31 Jan, 2022

Written by Sarah
You have all the great ideas, now it’s time to brief

Briefs are the bridge between a business problem and an effective creative solution. But a third of budgets are currently wasted on poor briefs. Here’s how to get them right.

If there’s one thing I love to see in my emails, it’s a good juicy brief. For a writer, a great brief is as essential as a sharp knife to a chef. It produces a better quality of work, in the optimum amount of time. I’m not here to slice and dice you a fine meal but I am here to bring you the best writing possible. 

Good brief writing is an essential skill for partnerships between marketers and their creatives. It’s about taking your fabulous ideas and synthesising them into a simple, yet informative document. 

Why briefing matters

The majority (90%) of marketers and agencies agree that it’s difficult to create good creative work without a good brief, a recent report has found. Despite this, the briefing process isn’t getting the attention it deserves: 

  • 6 out of 10 marketers admitted that they are using the creative process of the brief to clarify the strategy.
  • 9 out of 10 marketers admit that their briefs change once an agency is already briefed in. 
  • 83% of agencies said that briefs are unfocused 

And unclear or incomplete briefs are costing marketers. Currently, an estimated 33% of the average marketing budget being wasted on poor briefing and misdirected work. 

Ultimately, bad briefing results in frustration for marketing teams and creatives alike. 

The secret sauce 

Briefing is an invaluable skill, but it takes practice. Some of the most seasoned marketers still shudder at the thought of the idea. Knowing how to arm your creative team with what they need can be tricky.  

To get the best out of your creative partner, start with getting these three core areas right. 

  • Identify your goals 

Every campaign and piece of marketing material has an end goal. Think about what you want to accomplish with the material you are briefing in. What overarching business objectives does it support? How does it fit into your marketing strategy? 

Do you want to attract your audience to a new product? Bring more traffic to the website? If you have mapped out any KPIs that measure the success of the project, include them in your brief. 

  • Name your audience 

Have you ever noticed how your tone changes when you talk to different people? Like when you’re comparing Spotify playlists with your teenage niece to when you’re discussing your three-year marketing strategy with the CEO. 

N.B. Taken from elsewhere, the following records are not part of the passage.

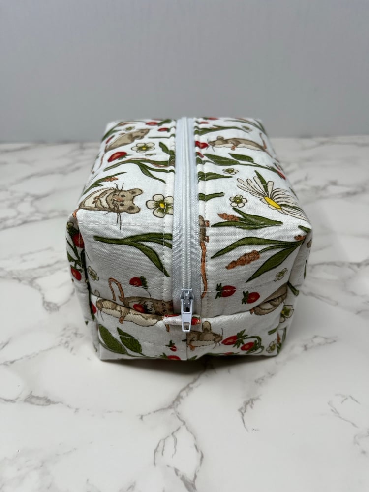 Carefully crafted from 100% cotton fabric backed by a layer of fleece and fully lined for durability and a clean finish. The zipper closure keeps your items secure, while the boxy shape maximizes storage space without taking up too much room in your bag or suitcase.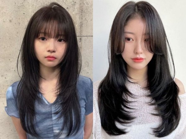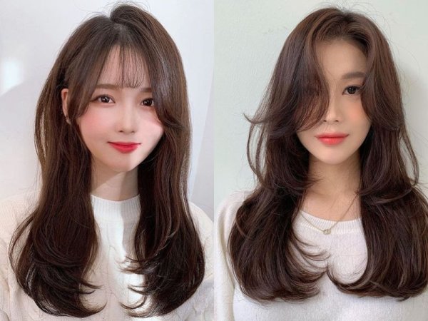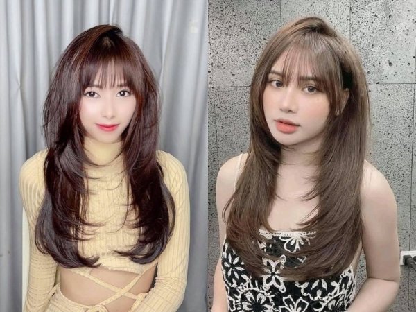 Mái thưa giúp che vầng trán cao hiệu quả (Nguồn: A KNACK, t) Các kiểu tóc layer dài có mái có khả năng hack tuổi cực tốt (Nguồn: CHAHONG)Tóc layer kết hợp mái dài
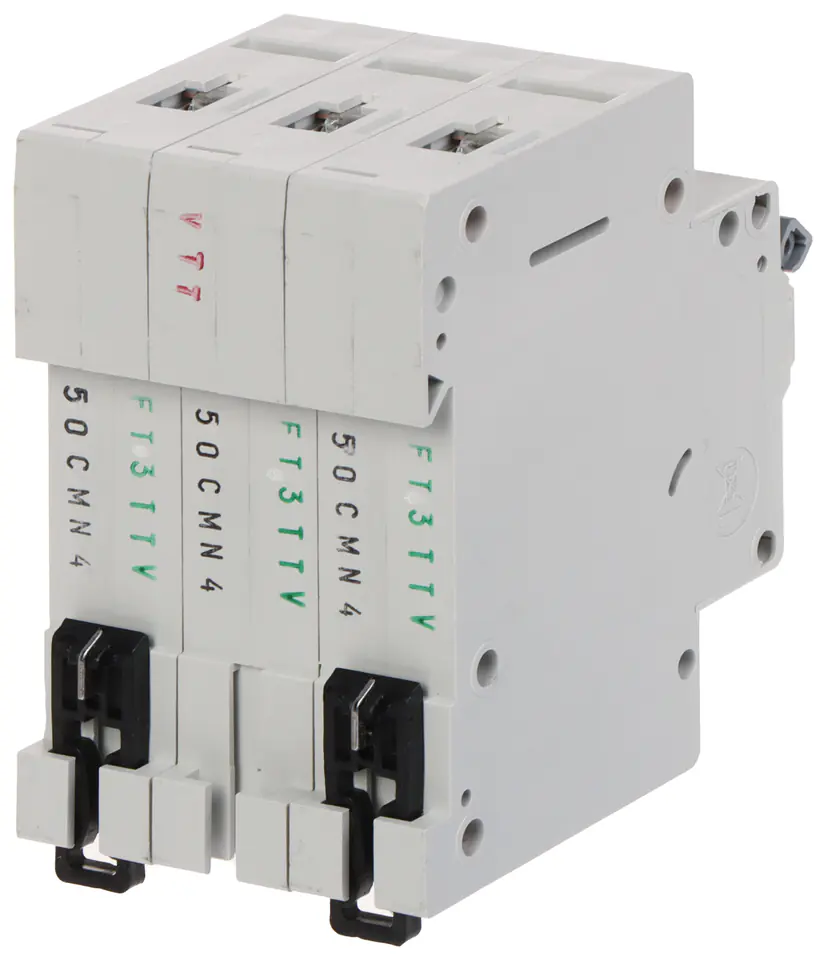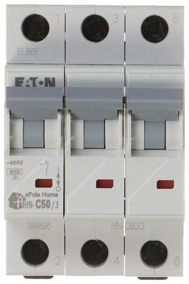 Wyłącznik nadprądowy o charakterystyce typu C i prądzie znamionowym 50AWyłącznik HN-C50/3 jest przewidziany do montażu na szynie DIN TS-35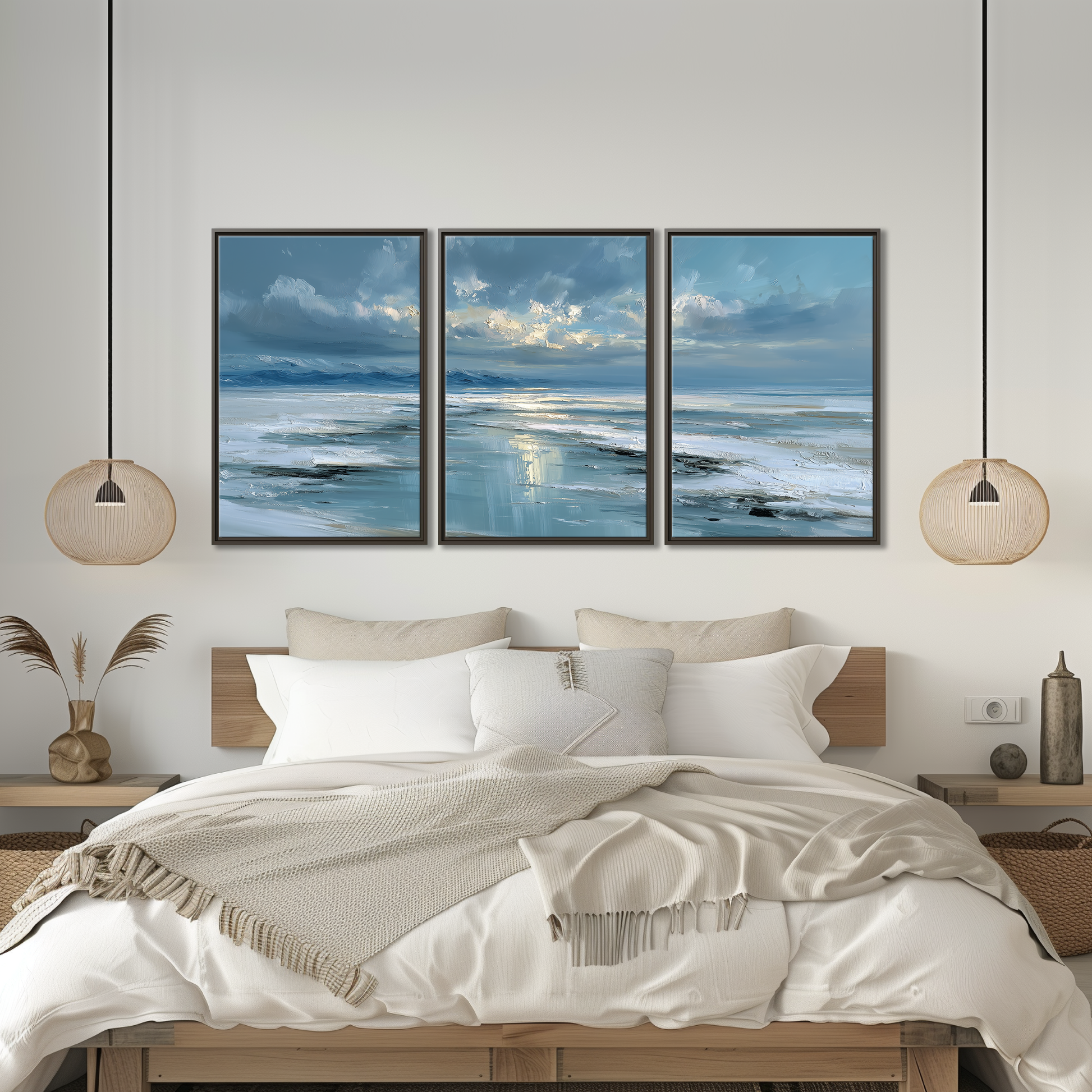 Immerse yourself in the captivating allure of this stormy seascape, where dramatic ocean art meets the serene beauty of breaking clouds over icy blue waters. Inspired by the raw power of nature, this coastal canvas set brings a moody landscape to life with golden light that dances across a winter lake scene. Perfect for anyone seeking to add a contemporary print with emotional depth and coastal charm to their living space.

Knowing your audience is critical to creating content that connects with customers. The more information you can include about them the better. Some things to consider include:

  • Age
  • Gender
  • Background
  • Needs and problems (and how your business solves these) – this the most important
  • Causes and interests

If you have defined personas, make sure to include these in your brief. 

When providing information about the audience, remember we want to get to know them as well as you do. 

  • Scope it out

Scope creep. You can hear the collective grunt of marketers and creatives everywhere, each time those two pesky words are uttered. 

But there’s a relatively simple, albeit time-consuming way to avoid your project blowing out. 

Map. It. Out. 

Think about:

  • Every element / content piece you need to make sure you’ve covered everything – will you need an eDM to promote that article? What about a social media post to push that new promo video?
  • The resources needed to create these elements – will your creatives need to interview subject matter experts? Will you need to provide research and insights?
  • The key messages you need to get across
  • The stakeholders involved
  • Timings
  • Your budget

Once you’ve considered the above, put it all in the brief.

We know that the time it takes to write a good brief is time away from the nine other things you need to do today. Talk to your creative team about getting a reverse brief. Usually they’ll be happy to get the most important details from you over a Zoom or phone call, and develop a reverse brief from that discussion. But do expect to be charged for their time – after all, getting a brief right is challenging work.